Of course, the nearby “premier mountain resort communities” of Avon and Edwards have allowed dispensaries, so spliff relief will only be a 10- or 15-minute drive west on I-70. And for those ski vacationers who base their travel decisions on such things, Vail rival Aspen and much of surrounding Pitkin County have also allowed dispensaries.

It’s possible, though, that Vail Police Chief Henninger was just trying to avoid the regulatory mess faced by Summit County Sheriff John Minor, who has seen seven out of 10 warrants served for grow operations in the past six months turn out to be for legal agricultural endeavors.

Minor told the Summit Daily News the state doesn’t notify local law enforcement of who’s legal, requiring cops to serve warrants and then sort through paper work. That’s meant some embarrassing situations for police, including one incident in which the cops confiscated pot plants and lovingly watered them at the station to keep them alive until the grower’s legal status could be confirmed. Failing to do so could have meant a hefty lawsuit, with plants valued at $5,000 a pop.

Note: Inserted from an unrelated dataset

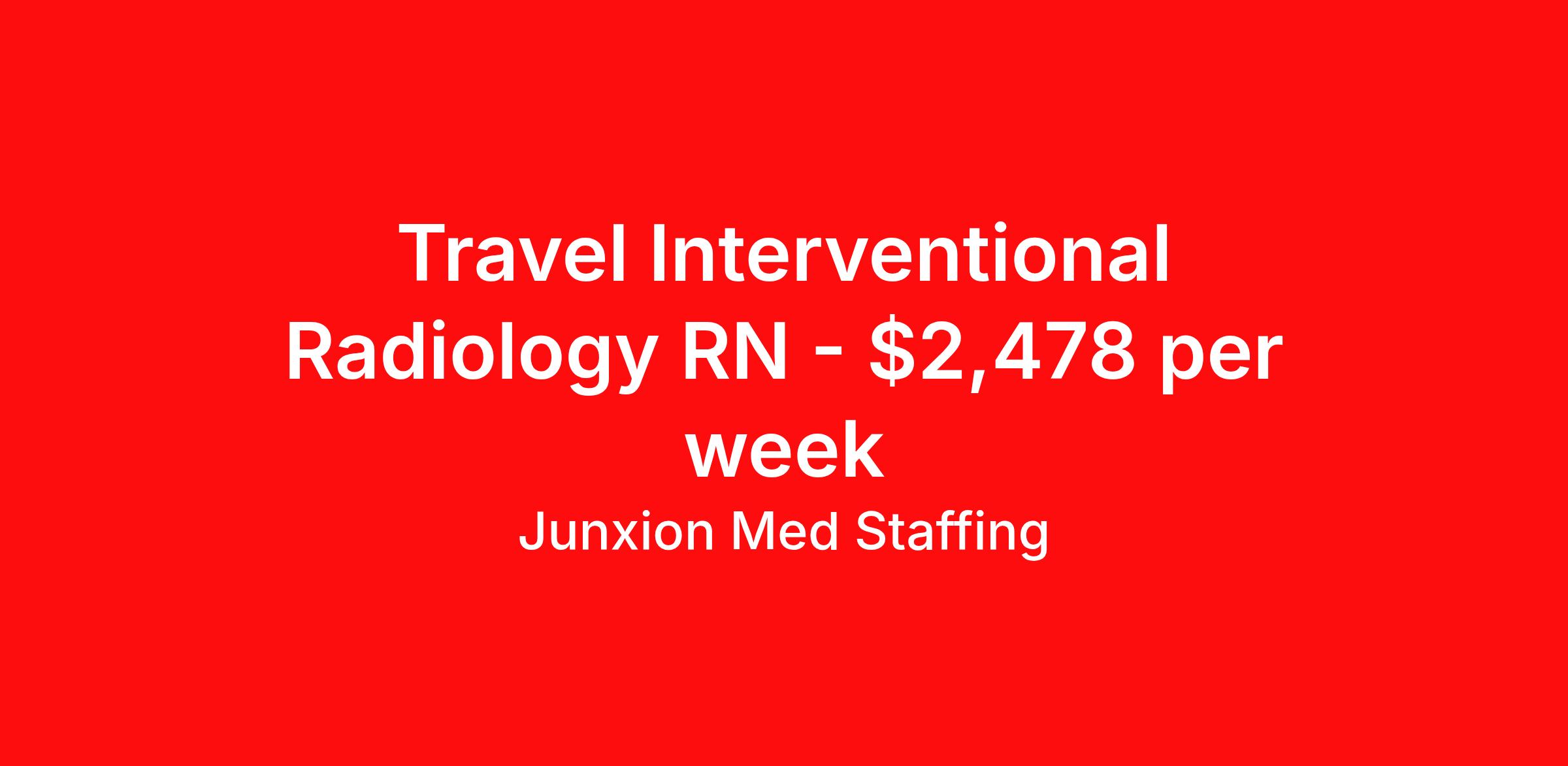 Junxion Med Staffing is seeking a travel nurse RN Interventional Radiology for a travel nursing job in Houston, Texas. Job Description & Requirements Specialty: Interventional Radiology Discipline: RN Start Date: 04/13/2026 Duration: 8 weeks 40 hours per week Shift: 10 hours, rotating Employment Type: Travel Summary: Junxion Med Staffing is looking for a Interventional Radiology RN to take an assignment in Houston, Texas. This assignment lasts 8.14 WEEKS and is scheduled to start on April 13, 2026. If you don't like the start date, pay, or shift, then let’s talk. Give us a call opt 1 Job Details: Shift: 10H Rotating Total Weekly Hours: 40 Certifications: BLS, ACLS, BLS (AHA), NIHSS Trauma Level: Benefits: Day 1 Insurance Additional bonus potential for every contract Additional vacation incentives Medical insurance with no more than $175 monthly premium for employee Employee Assistance Program (EAP) Referral bonus up to $1,000 401K and access to financial advisors for financial wellness and education A dedicated recruiter and support team that will help you every step of the way to sure you start on time and have an exceptional experience An agency ran by a traveler for travelers Click here for licensing requirements About the Company: Junxion Med Staffing is an award-winning healthcare staffing company with a mission to provide quality healthcare to our communities. Apply today to speak with a recruiter! Awards: RNVIP- Top 10 Travel Nursing Agencies of 2024 BluePipes – The Best Travel Nursing Companies 2023 *Estimated weekly pay includes projected hourly wages and weekly meal and lodging per diems for eligible clinicians based on nationally published GSA rates. Actual weekly pay and per diems may differ from the amount shown and may be subject to change during an assignment. For all employees and employee applicants, Junxion Med Staffing is an Equal Employment Opportunity ("EEO") Employer, including Disability/Vets, and welcomes all to apply. Junxion Med Staffing Job ID 1363520. Pay package is based on 10 hour shifts and 40 hours per week (subject to confirmation) with tax-free stipend amount to be determined. About Junxion Med Staffing Junxion Med Staffing was founded by a former healthcare traveler who understands the challenges healthcare professionals face - because we’ve been there. We specialize in placing travel nurses, allied health professionals, physicians, physician assistants, and nurse practitioners in both short-term and permanent roles across a wide range of specialties. Whether you're looking for a travel contract or a long-term fit, we work to ensure the right match between each healthcare professional and facility. At Junxion, we keep it simple: ● Transparent communication. No surprises, no hidden details, just honest conversations so you always know what to expect. ● Dedicated support. From job search to contract negotiations and throughout your assignment, you’ll have a recruiter who’s with you every step of the way. ● Competitive pay and benefits. We advocate for you to be fairly compensated and supported in your goals. ● A focus on your success. When healthcare professionals feel valued and empowered, patient care improves and that’s what it’s all about. You’re not just a number here. You’re part of a team that actually cares. Let’s find your next great opportunity together. Benefits Weekly pay Referral bonus Dental benefits Vision benefits 401k retirement plan Medical benefits Mileage reimbursement

State Rep. Christine Scanlan, D-Dillon, said she sympathizes with the sheriff but doubt the state legislature will tackle the problem and pass a bill mandating better state regulation, largely because of the down economy and lack of funds for such a bureaucracy. Minor said he doubts there’s political will in an election year.

“I don’t even know if (the legislature) will touch this in 2010 simply because it’s an election year, and politics has a strange way” of affecting such matters, he told the paper.